(EXERCISE BRIEF)
Output nothing but the lines from the beginning of the listing below through the line containing "Acrylic Wedding Signs, Bridal", exactly as they stand, without pictures.

(RECORDS SHOWN)
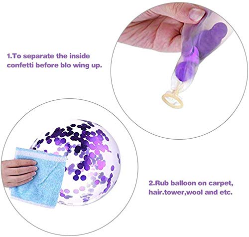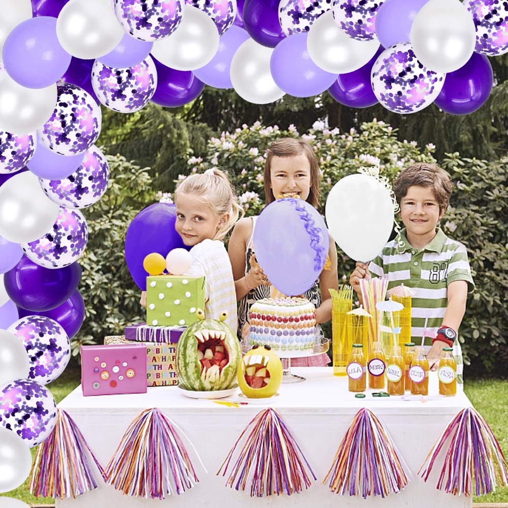 Package Contents: The purple balloon kit consists of 50pcs 12 inch balloons, including 10pcs dark purple balloons, 15pcs light purple balloons, 15pcs white balloons, 10pcs purple confetti balloons, 33ft purple balloon ribbon.
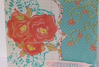 Materiel : un pochoir Prima Marketing avec de l'encre Colorbox , un tampon Maya Road avec de la craie rose Prima et de l'encre turquoise Colorbox, des papiers Recollections (marques des magasins Michaels aux USA), and et du Liquid Pearls dore ! Les fleurs ont ete redecoupees dans les papiers.
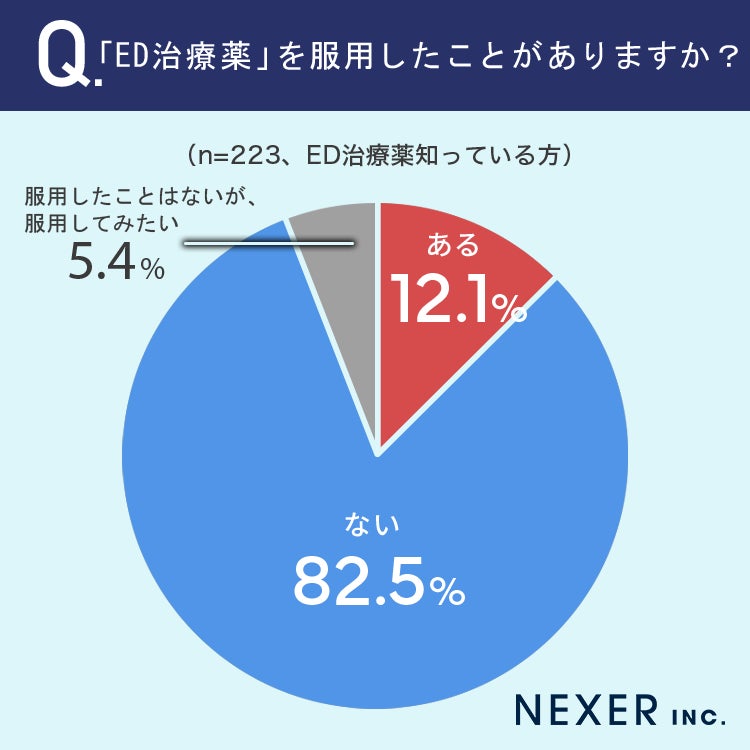 12.1%の方がED治療薬を服用したことが「ある」、5.4%の方が「服用したことはないが、服用してみたい」と回答しています。
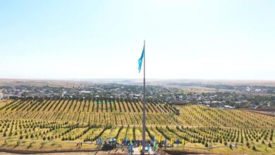 ТУРКЕСТАН: В КАЗЫГУРТЕ УСТАНОВЛЕН ФЛАГ НА ВЫСОТЕ 45 МЕТРОВ
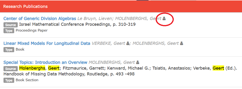 - Je komt nu op je researcher profile uit. Selecteer onder de rubriek Publicaties de optie FWO.
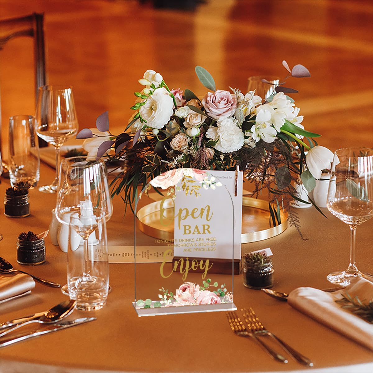 Acrylic Wedding Signs, Bridal Shower Decorations, Open Bar Signs for Reception, Modern Calligraphy Arch Acrylic Table Top Sign for Wedding Reception and Engagement Parties (Clear Pink Flowers)
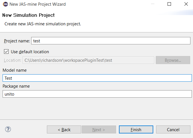 From the list, select ‘JAS-mine/New JAS-mine Project’. The JAS-mine wizard will ask you to enter a project name, a model name, and a package name, and you have the choice of whether to use the default location or specify an alternative. (Note, that a Java Model Exception will be thrown if you try to use ‘package’ for the package name – please choose a different name.) Once you have entered these, you are done.
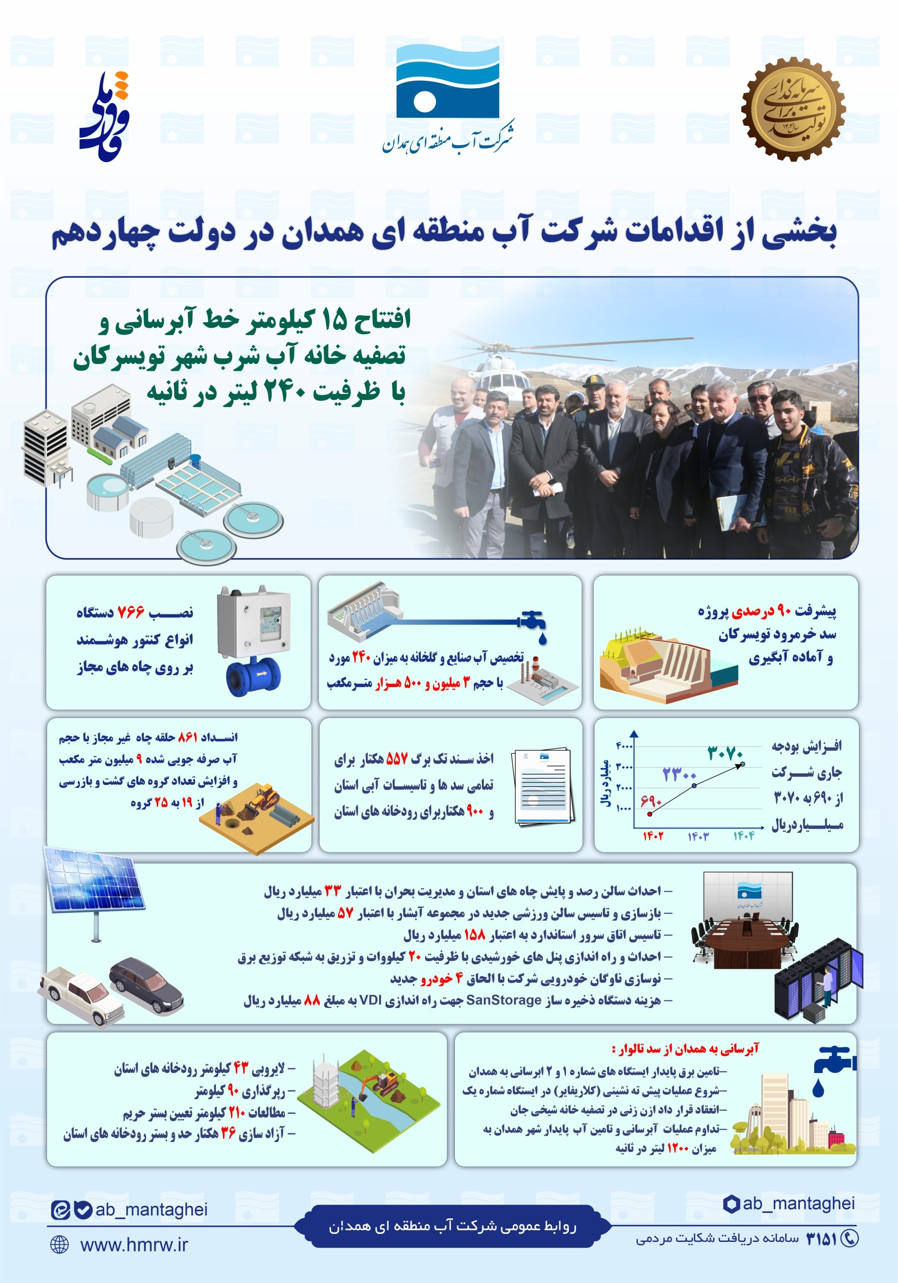 بخشی از اقدامات شرکت آب منطقه ای همدان در دولت چهاردهم
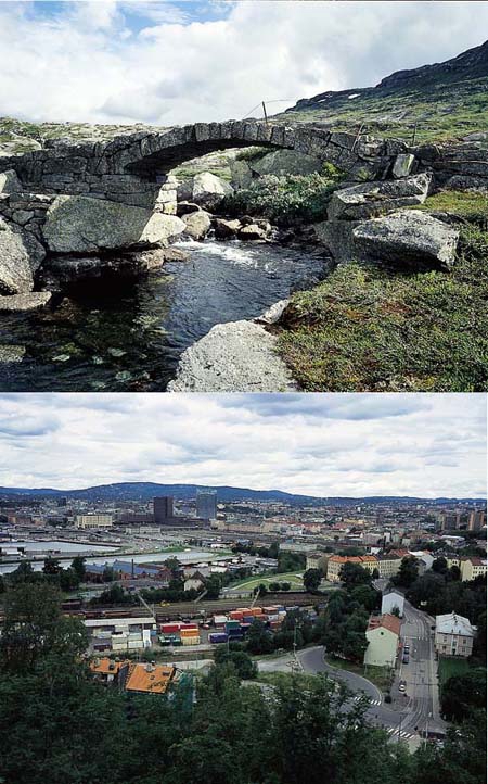 Figur 3.1 Mangfoldet i kulturarven. Bro på Hardangervidda og Oslo sett fra Ekebergåsen
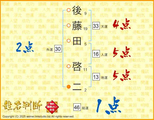 後(9画)藤(19画)田(5画) 啓(11画)二(2画)

(PROBLEM SOLUTION)
 Package Contents: The purple balloon kit consists of 50pcs 12 inch balloons, including 10pcs dark purple balloons, 15pcs light purple balloons, 15pcs white balloons, 10pcs purple confetti balloons, 33ft purple balloon ribbon.
 Materiel : un pochoir Prima Marketing avec de l'encre Colorbox , un tampon Maya Road avec de la craie rose Prima et de l'encre turquoise Colorbox, des papiers Recollections (marques des magasins Michaels aux USA), and et du Liquid Pearls dore ! Les fleurs ont ete redecoupees dans les papiers.
 12.1%の方がED治療薬を服用したことが「ある」、5.4%の方が「服用したことはないが、服用してみたい」と回答しています。
 ТУРКЕСТАН: В КАЗЫГУРТЕ УСТАНОВЛЕН ФЛАГ НА ВЫСОТЕ 45 МЕТРОВ
 - Je komt nu op je researcher profile uit. Selecteer onder de rubriek Publicaties de optie FWO.
 Acrylic Wedding Signs, Bridal Shower Decorations, Open Bar Signs for Reception, Modern Calligraphy Arch Acrylic Table Top Sign for Wedding Reception and Engagement Parties (Clear Pink Flowers)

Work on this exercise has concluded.